Any other information on results incl. tables

Table 1: Mean body weights

Sex

Days on test

-1

1

2

8

15

Male

276.2

257.8

248.1

269.6

293.4

Female

151.9

139.6

141.0

152.6

163.0

Applicant's summary and conclusion

Interpretation of results:
GHS criteria not met
Conclusions:
Under the conditions of this study, the acute oral LD50 of the test material in male and female Fischer 344 rats was greater than 5000 mg/kg.
Executive summary:

The acute oral toxicity of the test material was investigated in a study which was conducted under GLP conditions and in accordance with the standardised guidelines OECD 401, EU Method B.1, EPA OPPTS 870.1100 and JMAFF (2000).

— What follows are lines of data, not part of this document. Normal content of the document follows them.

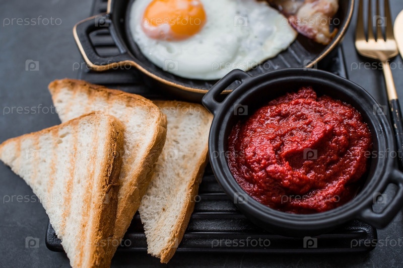 Жареные яйца на стильной керамической тарелке с ручками с жареным беконом, помидорами черри, томатной пастой и хлебными тостами на темном фоне. Завтрак обед и ужин. Вкусная еда
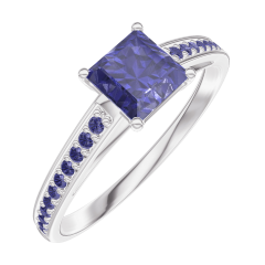 Anello Oro bianco 9 carati - Zaffiro blu Principessa 0.5 Carati - Incastonatura Zaffiro blu
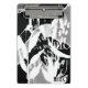 Um desenho abstrato com formas aleatórias e texto de saudação em preto, branco e cinza.

During the study, five male and five female Fischer 344 rats received test material at a dose of 5000 mg/kg body weight as a 50 % mixture in 0.5 % aqueous methylcellulose by single dose gavage. Parameters evaluated during the two-week observation period included body weights, detailed clinical observations, and gross pathological changes.

Under the conditions of this study, the acute oral LD50 of the test material in male and female Fischer 344 rats was greater than 5000 mg/kg.